Waving at Waves

2015-03-13 20:40:55.000 – Nate Iannuccillo, Summit Intern


Last Tuesday, fair weather allowed me to enjoy what proved to be a splendid day of hiking in the alpine zone. While I was thrilled by the good conditions, there was something else that got me really… really…
Ok, what the heck was I so excited about?
Lenticular Clouds!
Alright, so what are lenticular clouds?
In short, lenticular just means that they form in the shape of a lens, so they look really cool, as you will see.
But first, how do clouds form this shape?
Lenticular clouds are commonly associated with the lifting effect mountainous terrain has on airflow.
When air comes into contact with a mountain, it is forced to rise, and in most conditions, cools.
Water condenses with greater ease at colder temperatures, so as air is forced upward, it usually cools and will more readily form a cloud.
Conversely, as air moves down the leeward side (the side pointing away from the wind) of the mountain, the reverse effect tends to happen.
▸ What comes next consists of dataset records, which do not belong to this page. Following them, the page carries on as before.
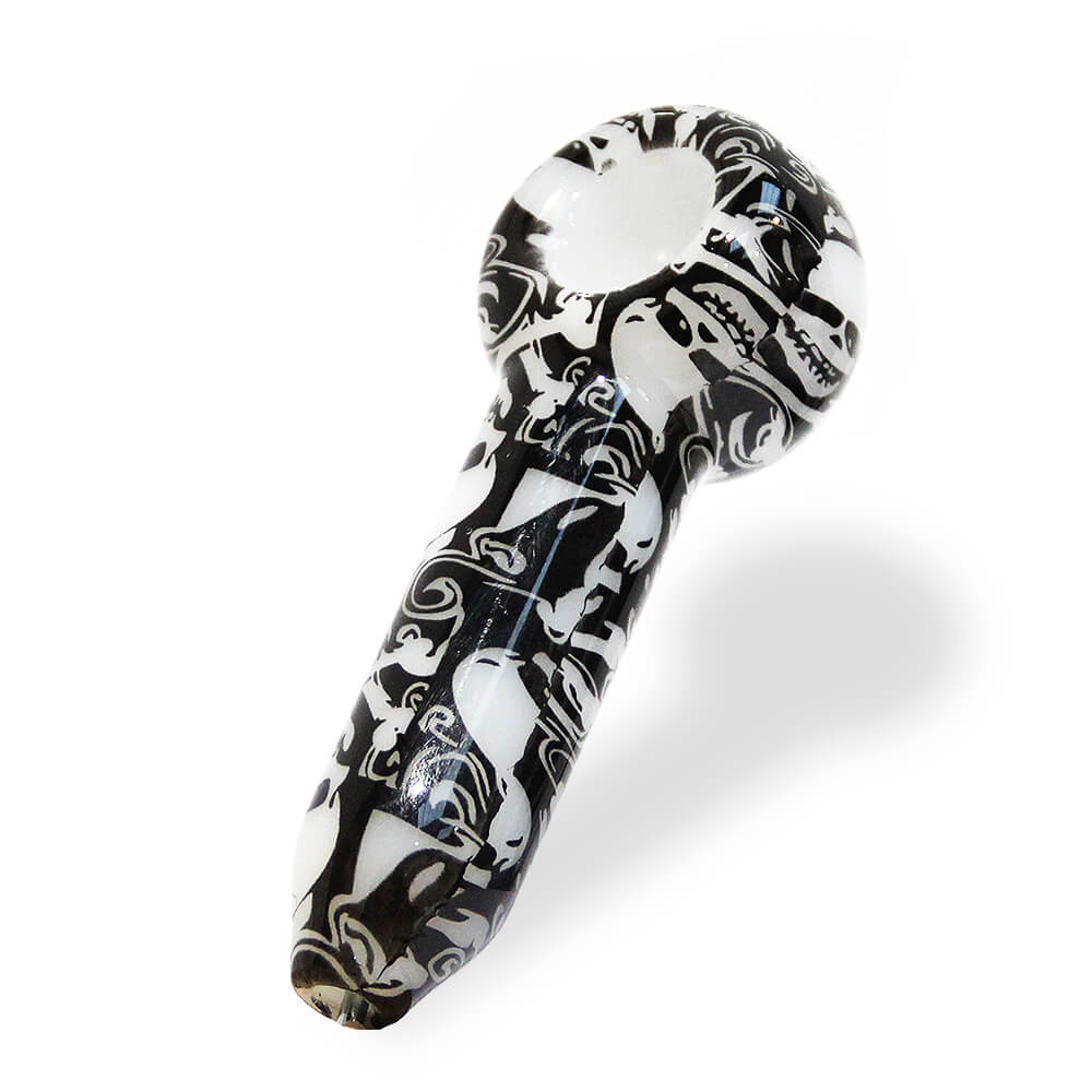 Diese Glaspfeife mit Totenköpfen im Großhandel ist wunderschön gestaltet, trägt einen charmanten Totenkopf-Aufdruck in Schwarz auf weißem Grund, bietet einen großzügigen Kopf, der selbst Ihre anspruchsvollsten Kunden zufriedenstellt, und ist ebenso funktional wie ausdrucksstark.
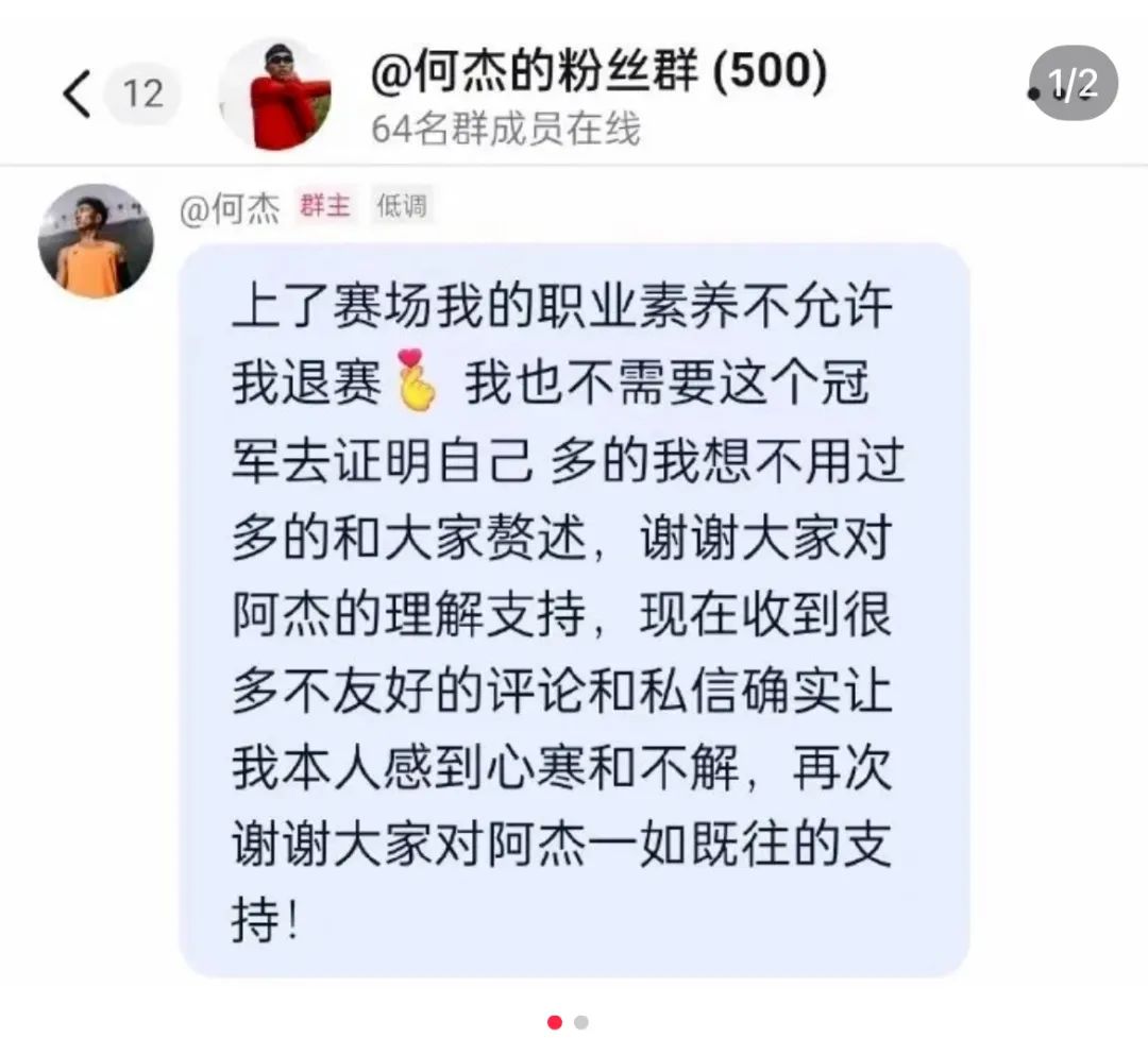 有网友晒出何杰本人在粉丝群中的回复,当事人表示:上了赛场我的职业素养不允许我退赛。我也不需要这个冠军证明自己。有网友表示,何杰在本场比赛的前5公里只用时14分40秒左右,后段只是因为身体不适导致状态不佳,何杰在赛后采访中也表示自己还没从感冒中恢复。
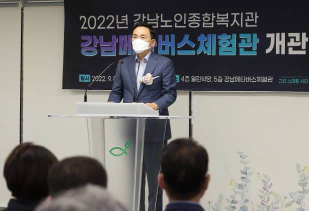 ‘그린 스마트 시티’ 강남구(구청장 조성명)가 강남구립 강남노인종합복지관 5층에 어르신을 위한 IT공간인 ‘강남 메타버스 체험관’을 이달 8일 개관했다. 개관식에 참가한 조성명 강남구청장은 가상현실(VR)체험관에서 증강현실(AR)체험관’에서 구민들과 함께 모션 인식 게임을 함께 했다.
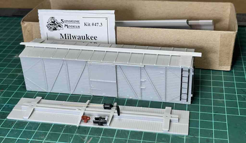 Brian’s work motivated me to finish two Milwaukee single-sheathed cars I had been passively working on for some time. The first was this Sunshine Models single-sheathed box car kit. I only took one photo during construction, seen here. It is one of my last Sunshine kits still new in the box.
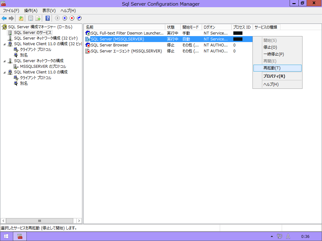 TCP/IP接続の設定変更をしただけではTCP/IP接続が有効にならないので、DBの再起動も実施する。
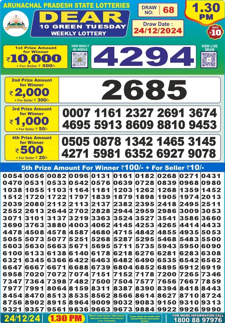 Dear 10 green lottery 1.30PM Result 24.12.24

Air warms as it moves back down the mountain, and water evaporates more easily, terminating cloud growth.
So depending on temperature profiles and the amount of water vapor in the air, the upward forcing provided by mountains can lead to a wide variety of different clouds initiated by this disturbance.
Sometimes, we can see what it is called a Cap Cloud that appears to sit on the top of the mountain.
And in fact, I got to observe one of these over the summit early Tuesday morning from Mt. Monroe.
Cap Cloud over Mount Washington NH as seen from Mount Monroe 

While these clouds tend to remain stagnant and may give the impression that there is very little wind, remember that this is not the case!
As air moves up over the mountain, “new” cloud is constantly forming as air rises, cools, and condenses, but as the air moves down the leeward side, cloud is continuously evaporating as air descends and warms.
I was delighted to get to see this interesting type of cloud on Tuesday, but this cap cloud was not the only lenticular cloud that I could see.
First, let’s think about the effect that an obstacle has on airflow.
Think of a large rock in the middle of a river. There is bound to be some notable disturbances as the water flows around the rock. There will likely be some ripples in the water downstream from the rock, and probably some turbulent eddies behind the rock as well.
Mountains have similar effects on airflow. This is fluid dynamics, folks!
The initial disturbance provided by the mountain often causes air to flow in a wavelike manner on the leeward side of the mountain. These waves can often cause clouds to form in a similar vain to the cap clouds that I described earlier. They will still have the same lenticular shape, but they won’t necessarily be situated over any specific mountain. These are called Lee Wave Clouds.
Mountain wave formation diagramSource: Dr. Robert Houze, University of Washington

So I bet you’re wondering if I saw any lee wave clouds on Tuesday…
You bet I did!
Check out the lee wave cloud over Boott Spur.
Lee wave cloud over Boott Spur 
So, this is a great example of how waves propagate in the horizontal direction, but do they still propagate in the vertical direction?
Of course they do, and this means that you can also get lenticular clouds forming well above the actual height of the mountains.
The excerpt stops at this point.